The embodiment of the application also provides electronic equipment, which comprises: at least one processor; and a memory communicatively coupled to the at least one processor; wherein the memory stores instructions executable by the at least one processor, the instructions being configured to perform the methods of embodiments of the present application.
The embodiment of the application also provides a computer readable storage medium, which stores computer executable instructions for executing the method according to the embodiment of the application.
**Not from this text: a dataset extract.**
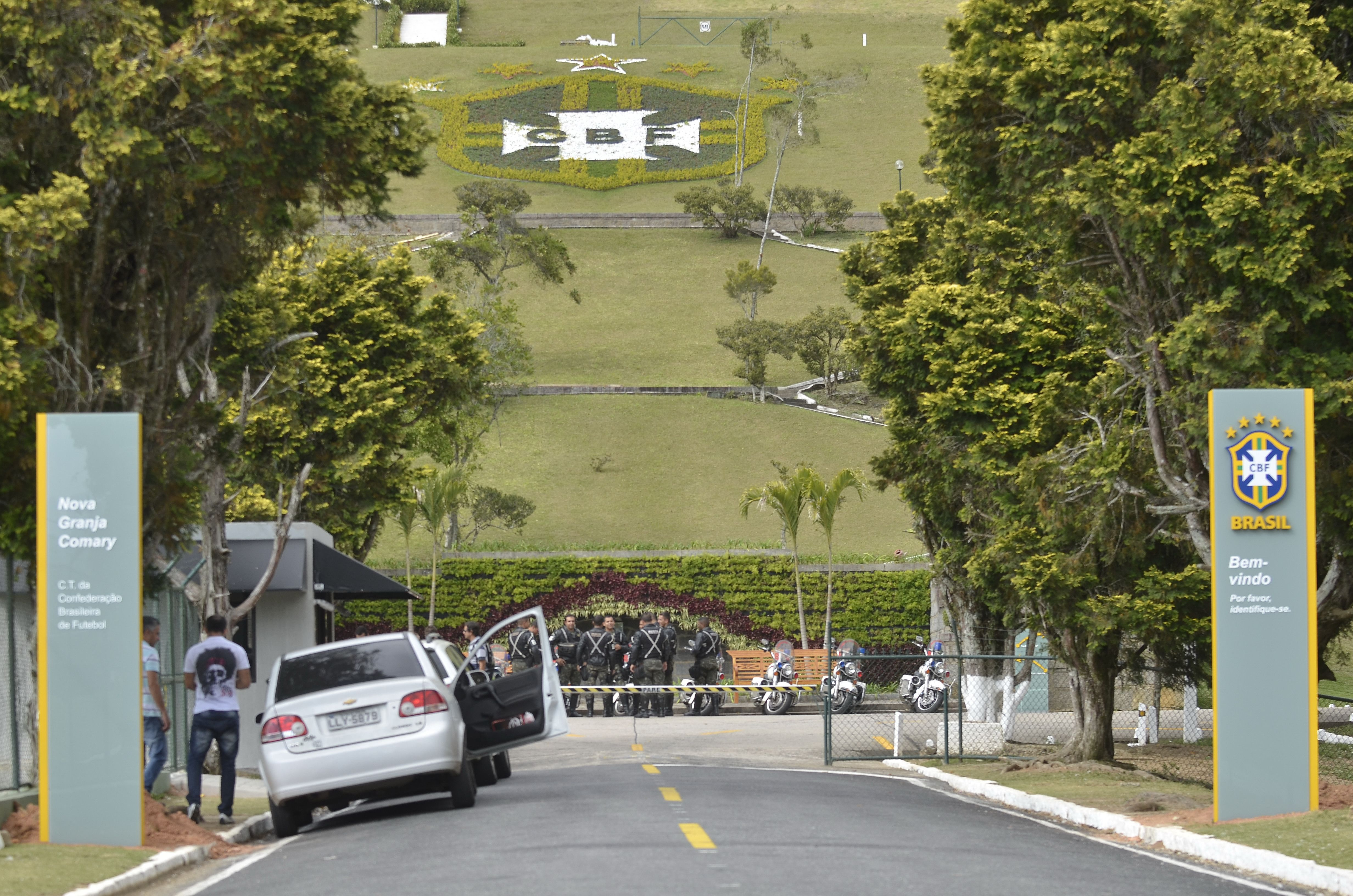 Photo by Fernando Frazão/Agência Brasil CCBY 3.0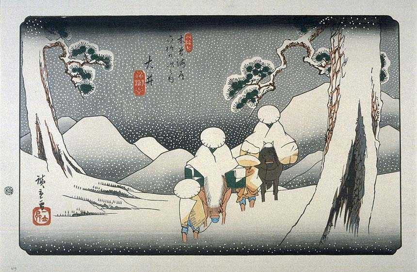 Oi on the Kisokaido, ukiyo-e prints by Hiroshige

According to the embodiment of the application, the original feature matrix is supplemented to generate the supplemented feature matrix, the corresponding relative position coding matrix is obtained based on the supplemented feature matrix, the relative position coding information is generated based on the relative position coding matrix, the supplemented R-bit input information and the current effective information bit number X in the R-bit input information are input into a decoder of a coding and decoding model in the decoding process, and the X+1th prediction information is predicted, so that static deployment of the coding and decoding model on the GPU is realized, and the requirement of the coding and decoding model on the reasoning speed is met.
The present application is not limited to the above-mentioned embodiments, but is intended to be limited to the following embodiments, and any modifications, equivalents and modifications can be made to the above-mentioned embodiments without departing from the scope of the application.